Luego, muy luego, aclaró en una entrevista que él había confundido el fenómeno
del peronismo, y por aversión a sus nombres, sus sujetos, había ignorado “que
con Perón se había creado la primera gran convulsión, la primera gran sacudida
de masas en el país; había empezado una nueva historia argentina. Esto es hoy
clarísimo, pero entonces no supimos verlo”. En el 46 retornó a Buenos Aires y
trabajó en la Cámara del Libro. Vivía solo, convencido de ser “un solterón
irreductible, amigo de muy poca gente, melómano, lector a jornada completa,
enamorado del cine, burguesito ciego a todo lo que pasaba más allá de la esfera
de lo estético, traductor nacional”. Su obra evolucionaría, desde allí, hacia
el compromiso social y las revoluciones de Cuba y de Nicaragua, y hacia las
Revoluciones.
“La verdadera cara de los ángeles / es que hay napalm y hay niebla y hay
tortura. / La cara verdadera / es el zapato entre la mierda, el lunes de
mañana, / el diario”. En los 60, Cortázar escribía ya a favor del negro y el
cholo y en contra del franco, que era Franco y eran todos los fascistas que en
el mundo hubieran sido y fueran, pero aún le quedaba la lucha. “Digamos que mis
decisiones políticas ya estaban tomadas y daban hacia la izquierda, pero no
pasaban de una opinión (…). En cambio, la revolución cubana me mostró, me metió
en algo que ya no era una visión política teórica, una postura política
meramente oral”, escribía. Luego concluía que tanta ofensa, tanta humillación,
debían desembocar en algo, “hay que hacer algo y tratar de hacerlo”. Lo hizo
con sus libros y sus palabras. Con ellos, por ellos, taladró conciencias,
transformó pensamientos, cambió vidas, aunque tal vez no lo llegara a saber.

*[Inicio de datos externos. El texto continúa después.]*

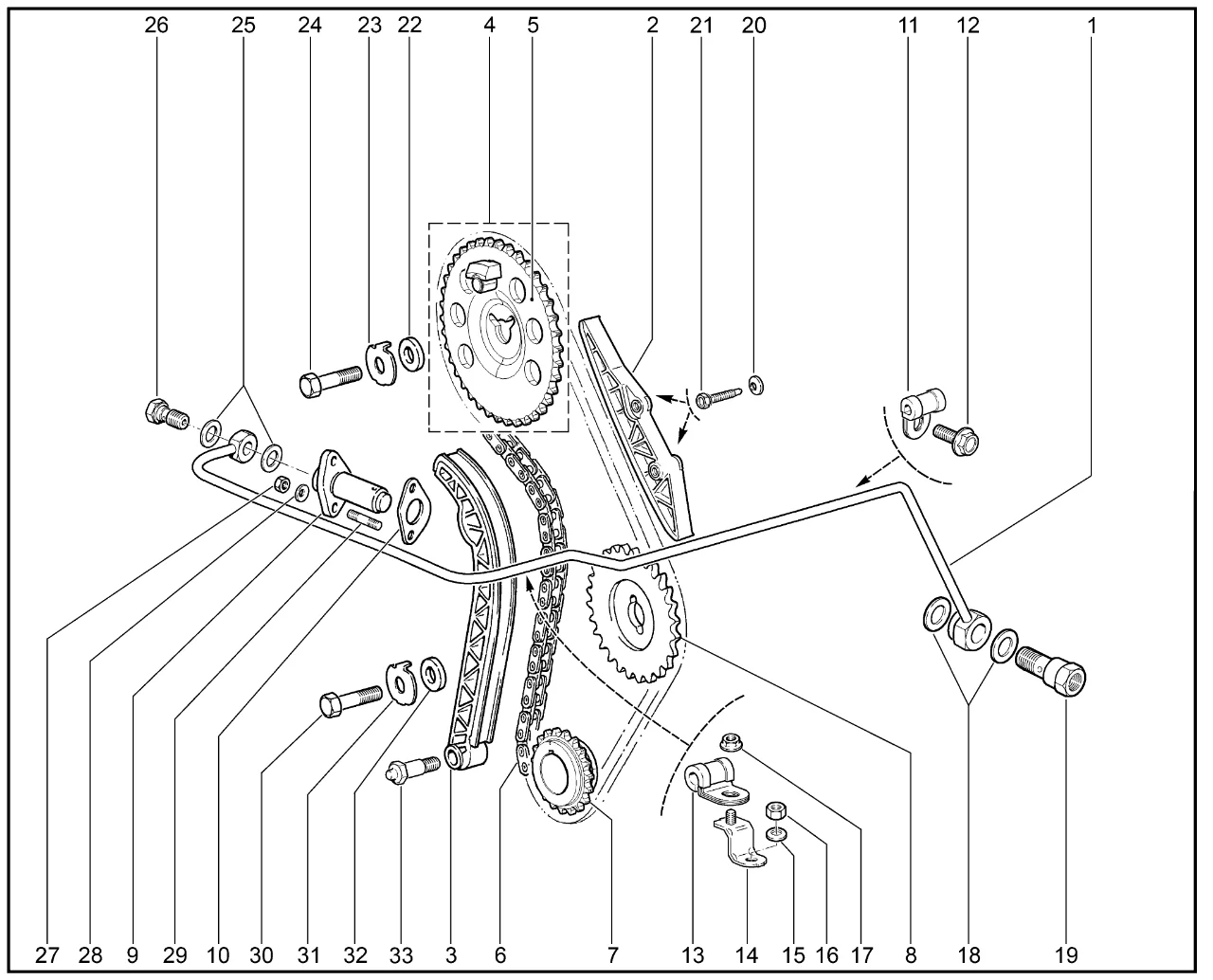 | 33 | Болт крепления башмака натяжителя цепи | 21010100609800 | 8450078574 |

Oliveira, su Horacio Oliveira de Rayuela, decía: “Nadie negará que el
problema de la realidad tiene que plantearse en términos colectivos, no en la
mera salvación de algunos elegidos. Hombres realizados, hombres que han dado el
salto afuera del tiempo, y que se han integrado en una suma, por decirlo así...
Sí, supongo que los ha habido y los hay. Pero no basta, yo siento que mi
salvación suponiendo que pudiera alcanzarla, tiene que ser también la salvación
de todos, hasta el último de los hombres. Y eso, viejo... Ya no estamos en los
campos de Asís, ya no podemos esperar que el ejemplo de un santo siembre la
santidad, que cada gurú sea la salvación de todos los discípulos”. Cortázar
cedió derechos de autor en pro de Nicaragua, se enfrentó a unos y a otros,
pues, como solía repetir, “jamás escribiré expresamente para nadie, mayorías o
minorías”, y fue en sí mismo una revolución estética y literaria. Sin lo
sagrado del mandala, pero con el juego de una rayuela, siempre.